- _The task_
Omit every picture and write out the rest of the records exactly.

- _Supplied data_
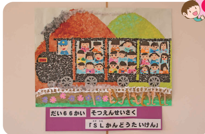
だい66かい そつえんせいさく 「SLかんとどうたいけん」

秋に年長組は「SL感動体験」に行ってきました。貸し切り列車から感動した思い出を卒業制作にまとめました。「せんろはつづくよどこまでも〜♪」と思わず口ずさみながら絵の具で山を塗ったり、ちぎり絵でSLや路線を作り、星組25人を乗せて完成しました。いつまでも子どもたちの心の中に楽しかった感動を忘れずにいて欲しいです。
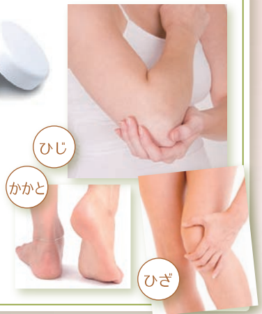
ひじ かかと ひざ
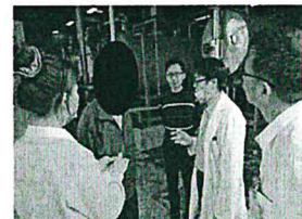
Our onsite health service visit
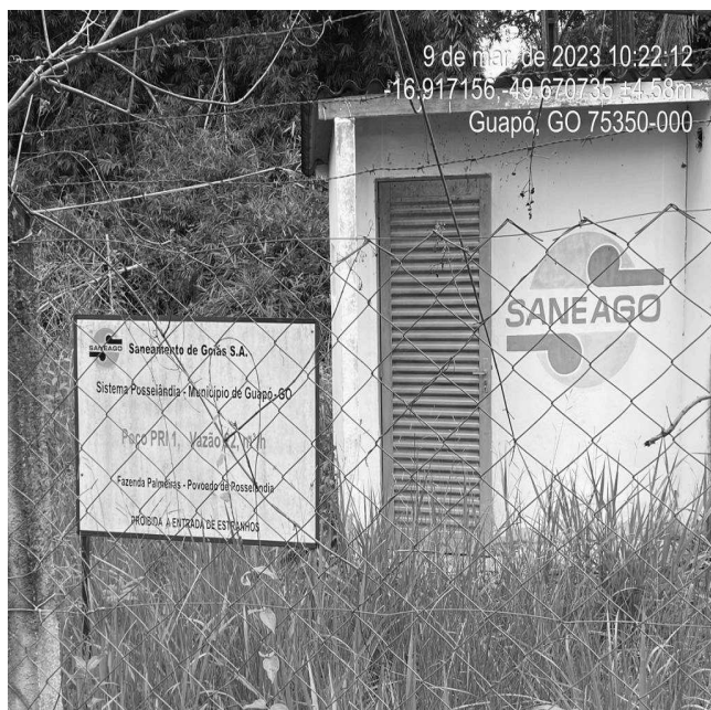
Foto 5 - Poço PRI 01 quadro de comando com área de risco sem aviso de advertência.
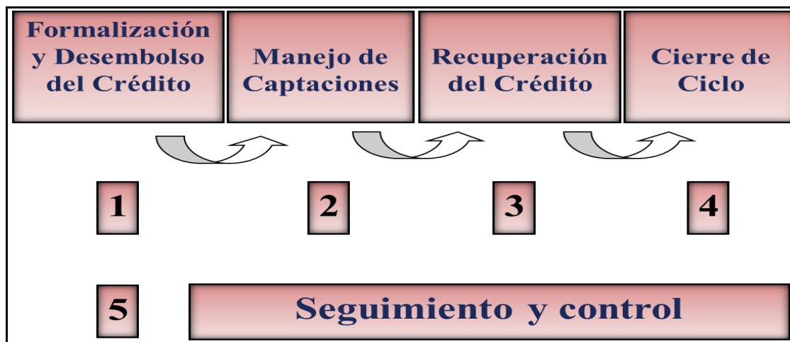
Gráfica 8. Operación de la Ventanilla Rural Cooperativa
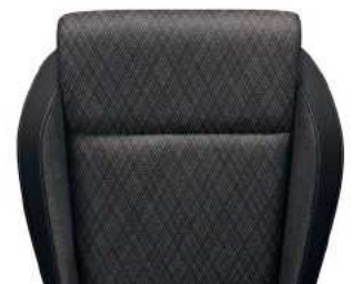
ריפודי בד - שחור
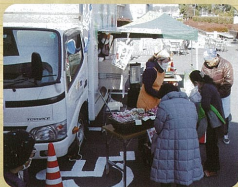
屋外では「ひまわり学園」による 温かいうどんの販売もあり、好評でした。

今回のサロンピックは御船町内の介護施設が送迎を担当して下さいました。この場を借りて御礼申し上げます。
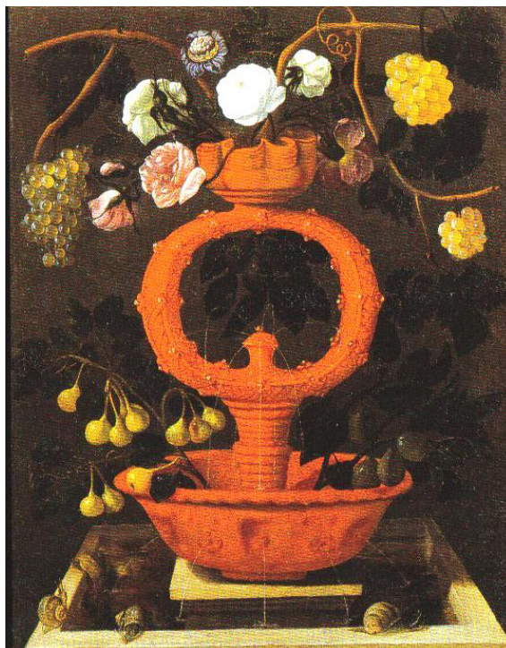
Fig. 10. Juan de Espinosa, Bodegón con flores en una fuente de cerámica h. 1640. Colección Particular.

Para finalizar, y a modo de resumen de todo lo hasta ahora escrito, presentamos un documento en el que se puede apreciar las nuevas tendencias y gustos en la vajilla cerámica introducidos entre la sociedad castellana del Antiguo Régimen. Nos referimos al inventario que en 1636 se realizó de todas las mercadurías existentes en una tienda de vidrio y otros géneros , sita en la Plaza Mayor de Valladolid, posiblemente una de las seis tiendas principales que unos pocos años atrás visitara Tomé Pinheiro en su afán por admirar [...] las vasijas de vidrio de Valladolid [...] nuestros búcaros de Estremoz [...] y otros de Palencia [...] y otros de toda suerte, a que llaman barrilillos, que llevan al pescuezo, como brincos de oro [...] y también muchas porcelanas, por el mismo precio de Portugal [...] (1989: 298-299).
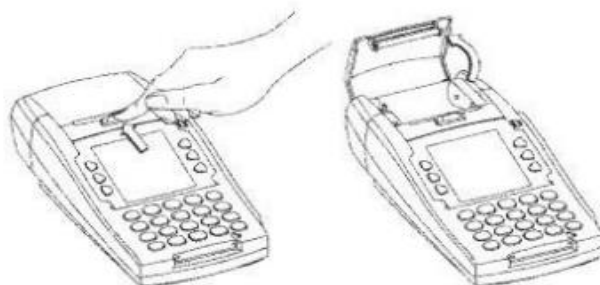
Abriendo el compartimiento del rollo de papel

- _Result of this task_
だい66かい そつえんせいさく 「SLかんとどうたいけん」

秋に年長組は「SL感動体験」に行ってきました。貸し切り列車から感動した思い出を卒業制作にまとめました。「せんろはつづくよどこまでも〜♪」と思わず口ずさみながら絵の具で山を塗ったり、ちぎり絵でSLや路線を作り、星組25人を乗せて完成しました。いつまでも子どもたちの心の中に楽しかった感動を忘れずにいて欲しいです。
ひじ かかと ひざ
Our onsite health service visit
Foto 5 - Poço PRI 01 quadro de comando com área de risco sem aviso de advertência.
Gráfica 8. Operación de la Ventanilla Rural Cooperativa
ריפודי בד - שחור
屋外では「ひまわり学園」による 温かいうどんの販売もあり、好評でした。

今回のサロンピックは御船町内の介護施設が送迎を担当して下さいました。この場を借りて御礼申し上げます。
Fig. 10. Juan de Espinosa, Bodegón con flores en una fuente de cerámica h. 1640. Colección Particular.

Para finalizar, y a modo de resumen de todo lo hasta ahora escrito, presentamos un documento en el que se puede apreciar las nuevas tendencias y gustos en la vajilla cerámica introducidos entre la sociedad castellana del Antiguo Régimen. Nos referimos al inventario que en 1636 se realizó de todas las mercadurías existentes en una tienda de vidrio y otros géneros , sita en la Plaza Mayor de Valladolid, posiblemente una de las seis tiendas principales que unos pocos años atrás visitara Tomé Pinheiro en su afán por admirar [...] las vasijas de vidrio de Valladolid [...] nuestros búcaros de Estremoz [...] y otros de Palencia [...] y otros de toda suerte, a que llaman barrilillos, que llevan al pescuezo, como brincos de oro [...] y también muchas porcelanas, por el mismo precio de Portugal [...] (1989: 298-299).
Abriendo el compartimiento del rollo de papel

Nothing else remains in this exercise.